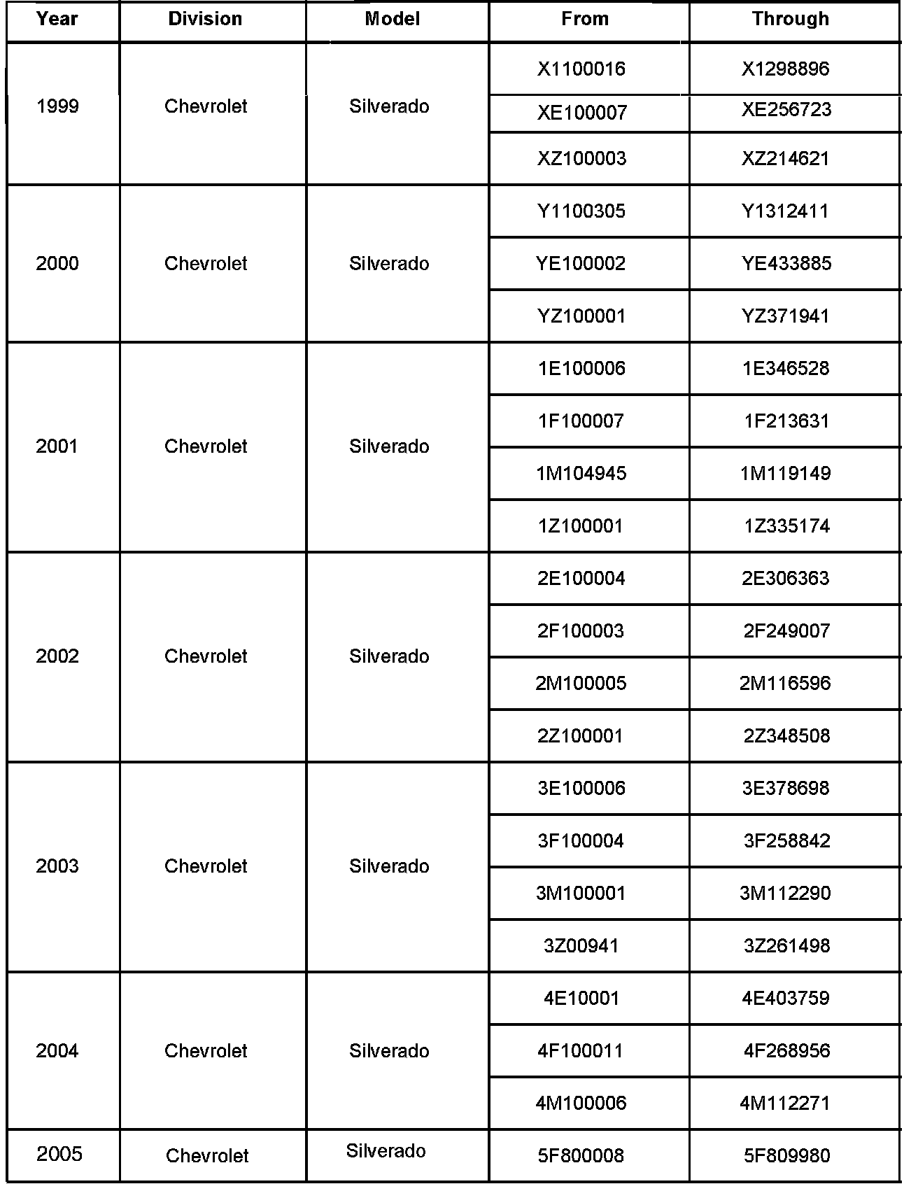 Involved are certain 1999-2002 Chevrolet Silverado and GMC Sierra 1500 Series, and 2001-2005 Chevrolet Silverado and GMC Sierra 2500/3500 Series vehicles equipped with a manual transmission and built within the VIN breakpoints shown.
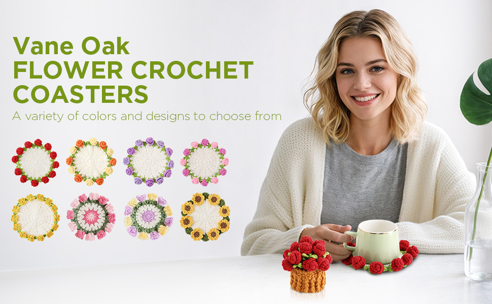 Material: Our bouquet crochet coaster is hand-crocheted with premium yarn to ensure softness and durability for long-term use
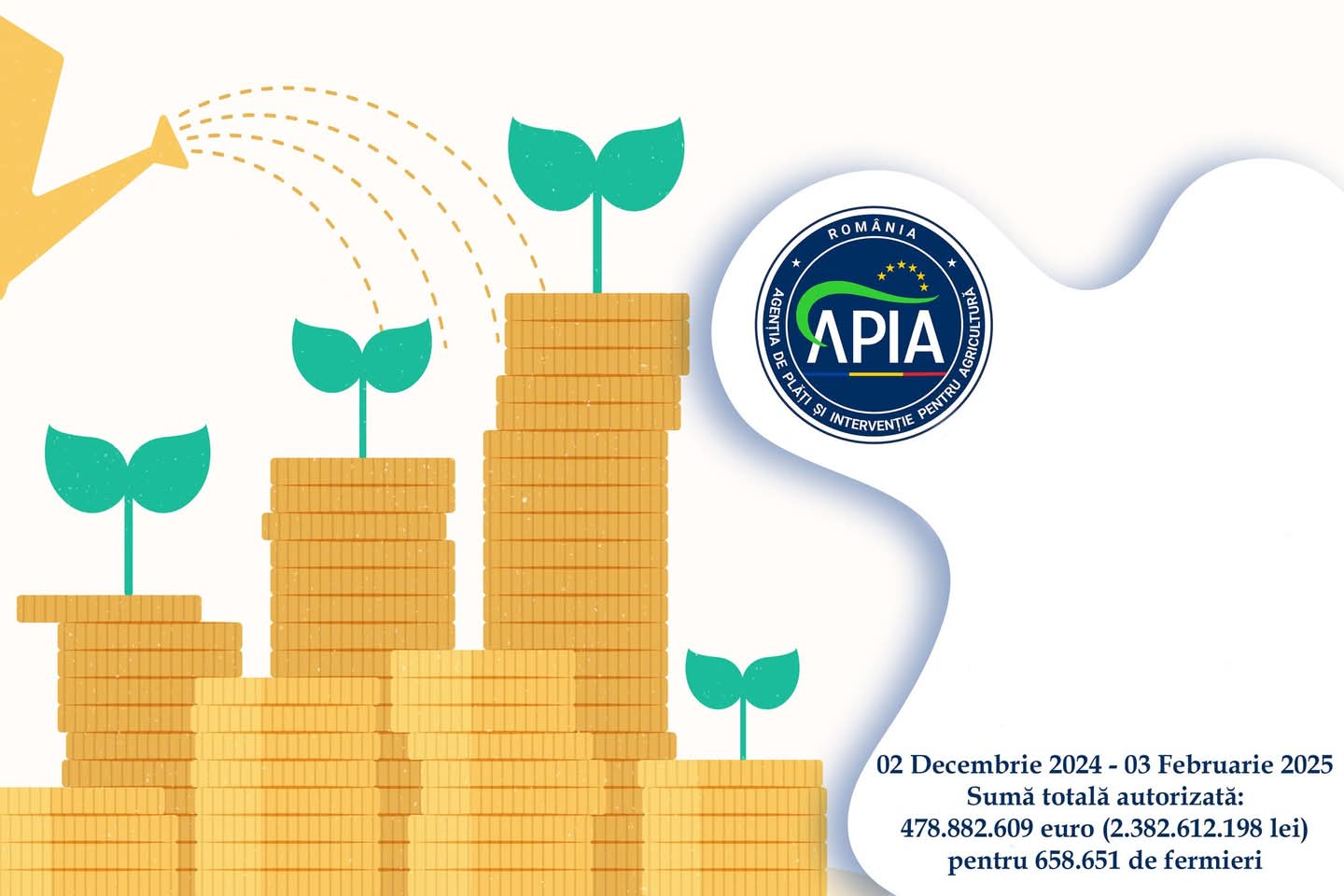 Agenția de Plăți și Intervenție pentru Agricultură (APIA) a autorizat la plată peste 92,5% din totalul fermierilor declarați eligibili în campania aferentă anului de cerere 2024.
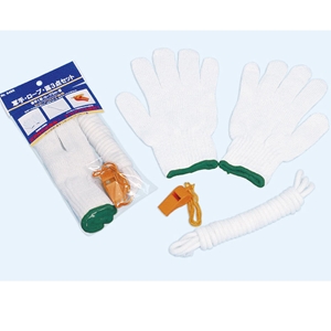 災害時の必需品となる軍手・ロープ・笛の3点セットです。
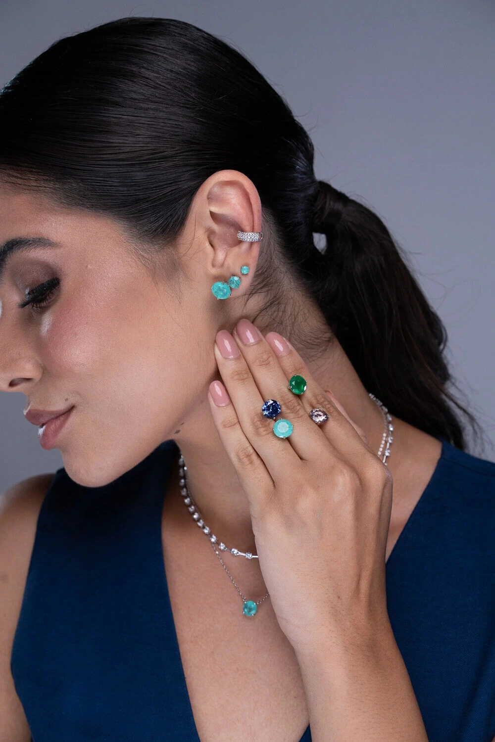 A zircônia colombiana se destaca pelo brilho preciso e pela pureza do tom verde-água — uma cor que habita o limite entre o céu e o mar. Translúcida e serena, reflete equilíbrio e frescor, revelando um encanto que nasce da leveza.

----------

**Exercise aim**
Transcribe exactly the lines above, beginning at the one with "Agenția de Plăți" and going up to and including the one with "災害時の必需品となる軍手・ロープ・笛の3点セットです。". Pictures do not belong in the copy.

**Reply**
 Agenția de Plăți și Intervenție pentru Agricultură (APIA) a autorizat la plată peste 92,5% din totalul fermierilor declarați eligibili în campania aferentă anului de cerere 2024.
 災害時の必需品となる軍手・ロープ・笛の3点セットです。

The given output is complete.